Differentiable learning of automata
October 14, 2016 — November 4, 2024
Learning stack machines, random access machines, nested hierarchical parsing machines, Turing machines, and whatever other automata-with-memory you wish, from data. In other words, teaching computers to program themselves via a deep learning formalism.
This is an obvious idea, indeed, one of the original ideas from the GOFAI days. How to make it work in NNs is not obvious, but there are some charming toy examples. Obviously, a hypothetical superhuman Artificial General Intelligence would be good at handling computer-science problems.
Directly learning automata is not the absolute hippest research area right now, though, on account of being hard in general. Some progress has been made. My sense is that most of the hyped research that looks like differentiable computer learning is in the slightly-better-contained area of reinforcement learning where more progress can be made, or in the hot area of large LLMs which are harder to explain but solve the same kind of problems whilst looking different inside.
Related: grammatical inference, memory machines.
1 Incoming
Language Generation in the Limit (Kleinberg and Mullainathan 2024) looks interesting.
Cheng Soon Ong described it as a
talk by Jon Kleinberg on language generation being easier than language identification. He mentions an interesting tension between hallucination and mode collapse.

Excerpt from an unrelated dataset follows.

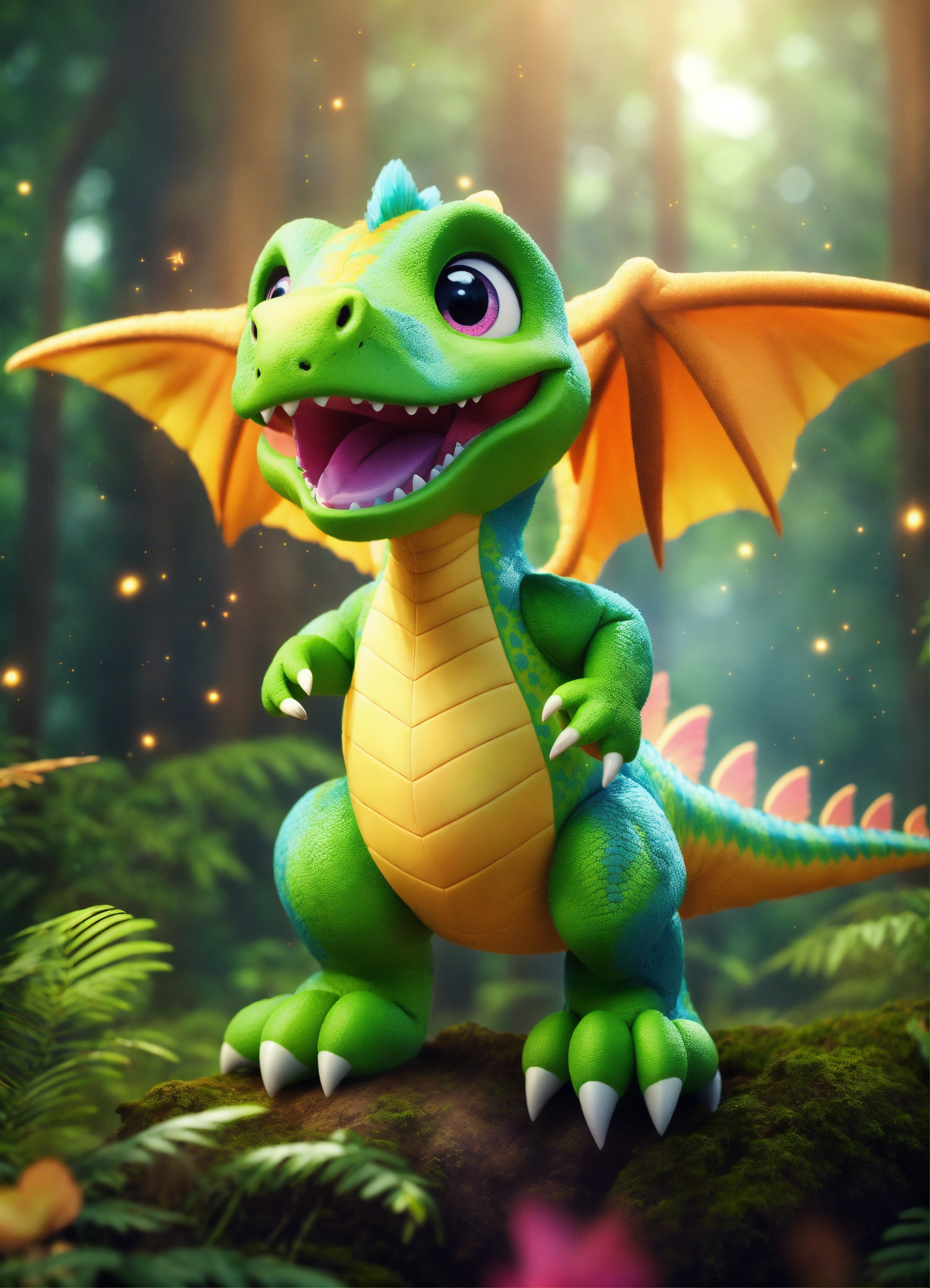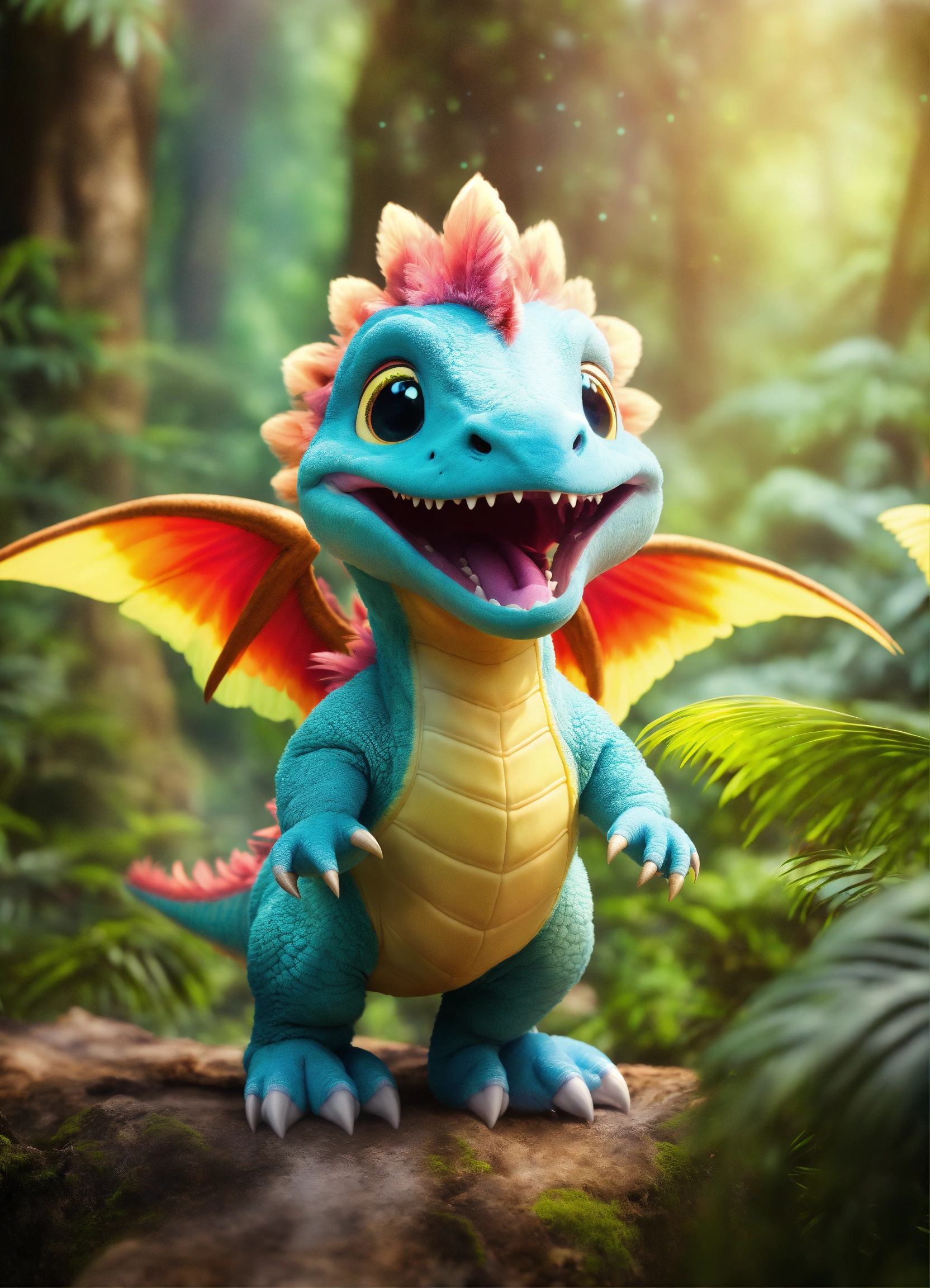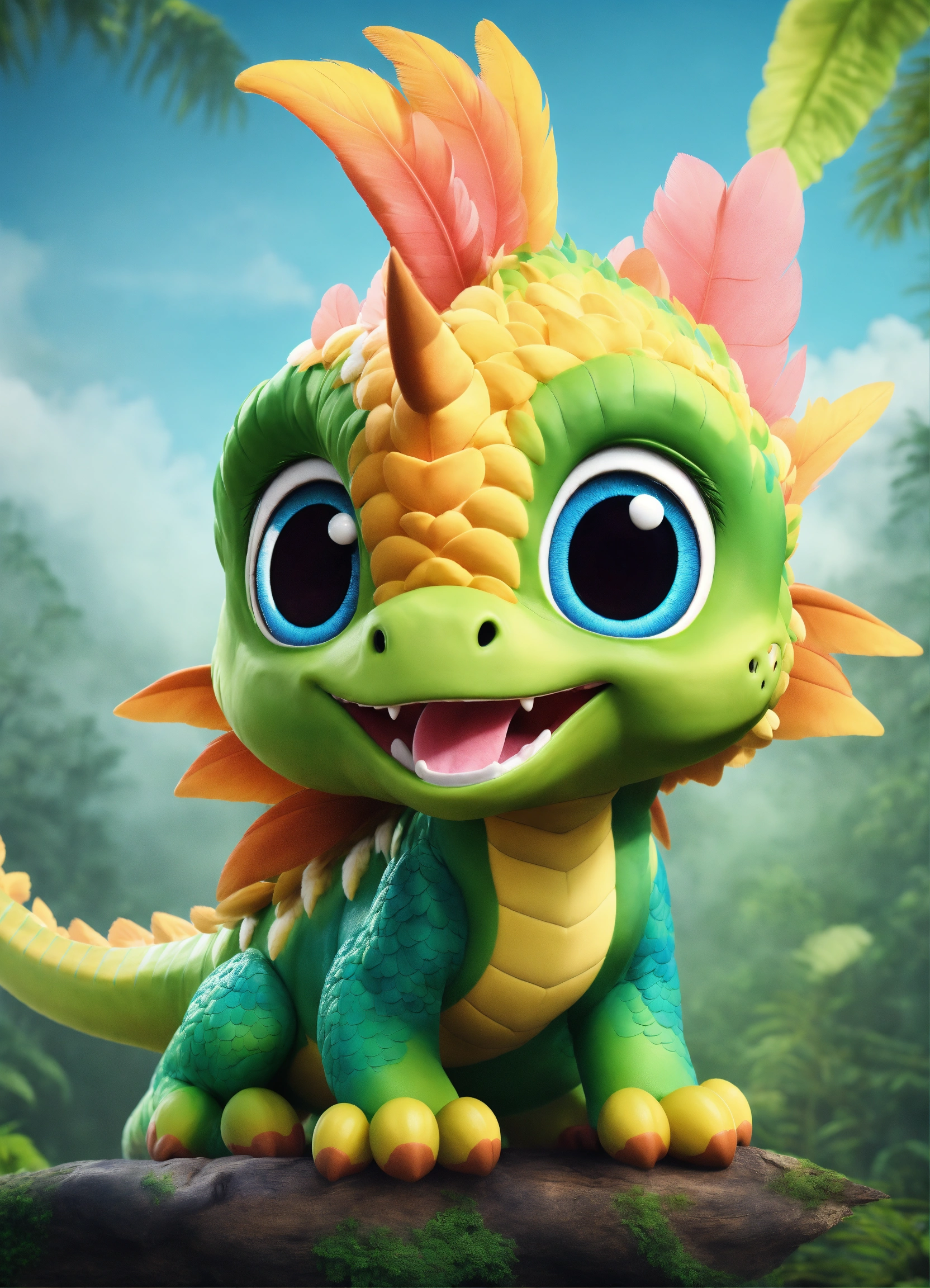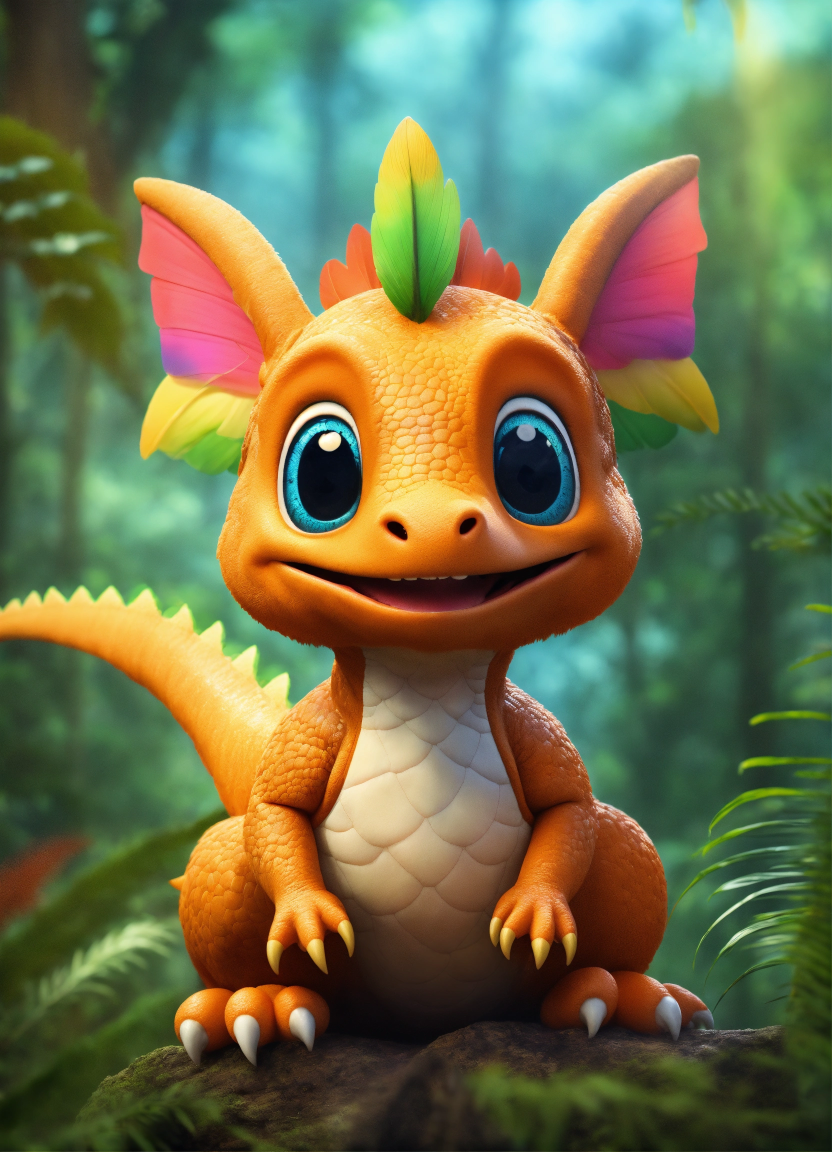 An adorable and fluffy baby fantasy dinosaur with big color eyes and big and huge ears, with soft feathers and wings flying above a forrest in the clouds, multicolor skin with stripes, tusks, smiling and happy, rainforest, with blur background, high quality, 8k

sanderwood/bgpt: Beyond Language Models: Byte Models are Digital World Simulators (Wu et al. 2024)
Blazek claims his neural networks implement predicate logic directly and yet are tractable which would be interesting to look into (Blazek and Lin 2021, 2020; Blazek, Venkatesh, and Lin 2021).
Google branded: Differentiable neural computers.
Christopher Olah’s Characteristically pedagogic intro.
Adrian Colyer’s introduction to neural Turing machines.
Andrej Karpathy’s memory machine list.
Facebook’s GTN:
GTN is an open source framework for automatic differentiation with a powerful, expressive type of graph called weighted finite-state transducers (WFSTs). Just as PyTorch provides a framework for automatic differentiation with tensors, GTN provides such a framework for WFSTs. AI researchers and engineers can use GTN to more effectively train graph-based machine learning models.